▸ Records shown
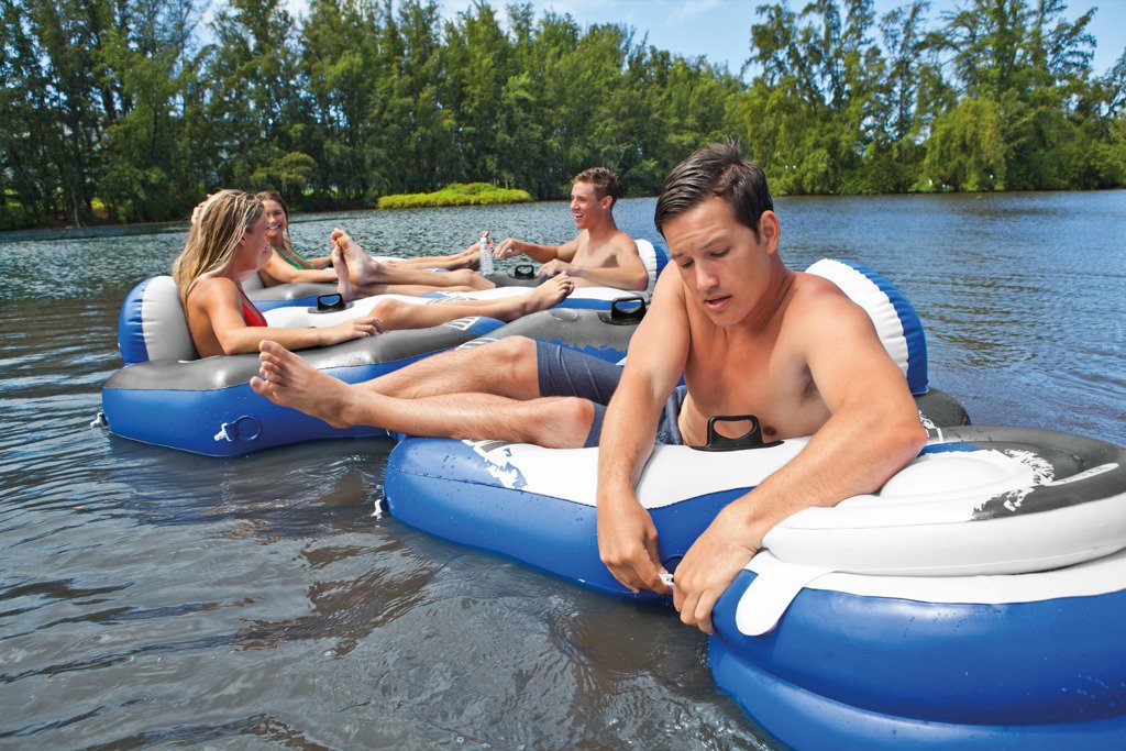 Napihljiv stol River Run je pripravljen na udobno vožnjo z oporo za hrbet in držalom za pijačo. Če gre za križarjenje dveh ali več oseb, lahko stole priročno združite.
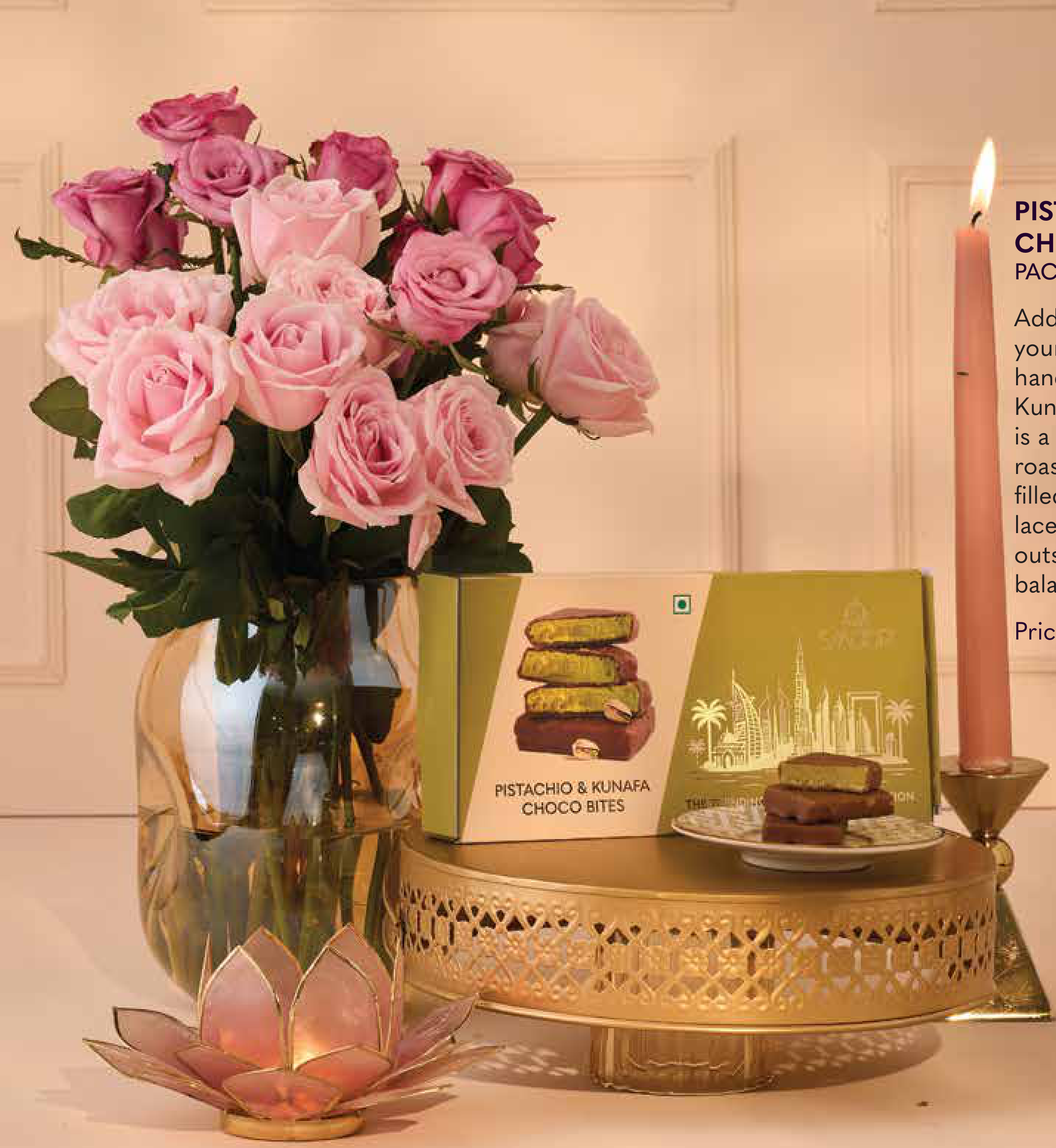 Indulge in the exquisite combination of pistachio and kunafa flavors, enrobed in rich chocolate. These delightful bites offer a unique sweet and nutty experience, perfect for gifting or personal enjoyment.
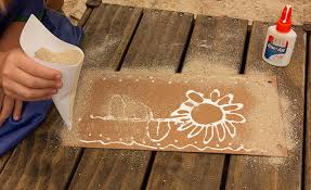 Textured pictures and patterns using coloured sand techniques.
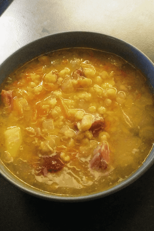 Cook the peas until they are soft (by the way, I have a secret — you don't need to soak the peas, just add a tablespoon of cold water every 30 minutes while cooking).
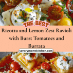 This Ricotta and Lemon Zest Ravioli with Burst Tomatoes and Burrata is a vibrant, elegant meal that blends fresh citrus, creamy cheese, and juicy tomatoes. Whether you’re preparing a cozy dinner or impressing guests, this dish offers a beautiful balance of simplicity and sophistication. Enjoy crafting it from scratch or adapting it to your taste—either way, it’s a truly satisfying plate of pasta.
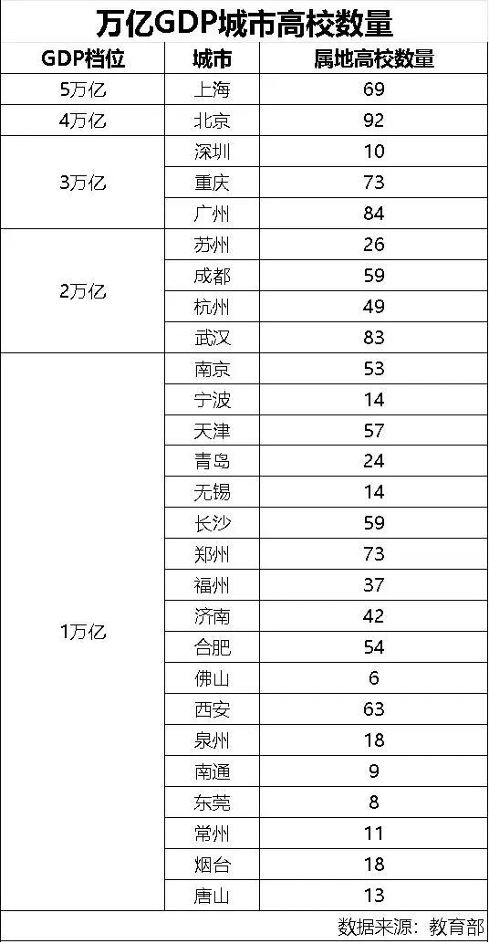 不只是深圳、苏州,几乎所有万亿城市都在积极建大学。
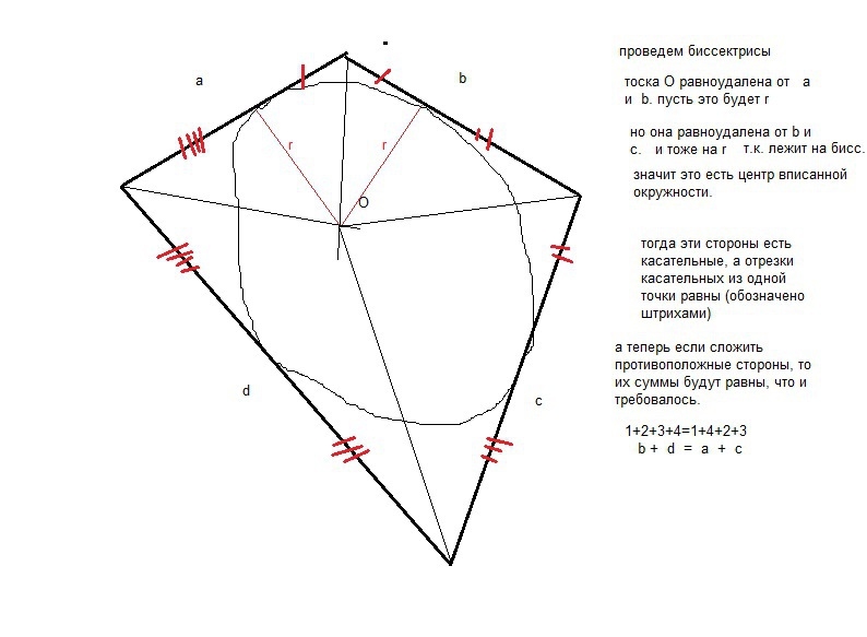 Биссектрисы всех углов выпуклого четырёхугольника со сторонами а,b,c и d (находятся по часовой стрелке) пересекаются в одной точке. Докажите, что a+c=b+d.

▸ Work request
The output is the lines from the start of the data above through the line containing "Cook the peas", unchanged, with any picture left out.

▸ Task solution
 Napihljiv stol River Run je pripravljen na udobno vožnjo z oporo za hrbet in držalom za pijačo. Če gre za križarjenje dveh ali več oseb, lahko stole priročno združite.
 Indulge in the exquisite combination of pistachio and kunafa flavors, enrobed in rich chocolate. These delightful bites offer a unique sweet and nutty experience, perfect for gifting or personal enjoyment.
 Textured pictures and patterns using coloured sand techniques.
 Cook the peas until they are soft (by the way, I have a secret — you don't need to soak the peas, just add a tablespoon of cold water every 30 minutes while cooking).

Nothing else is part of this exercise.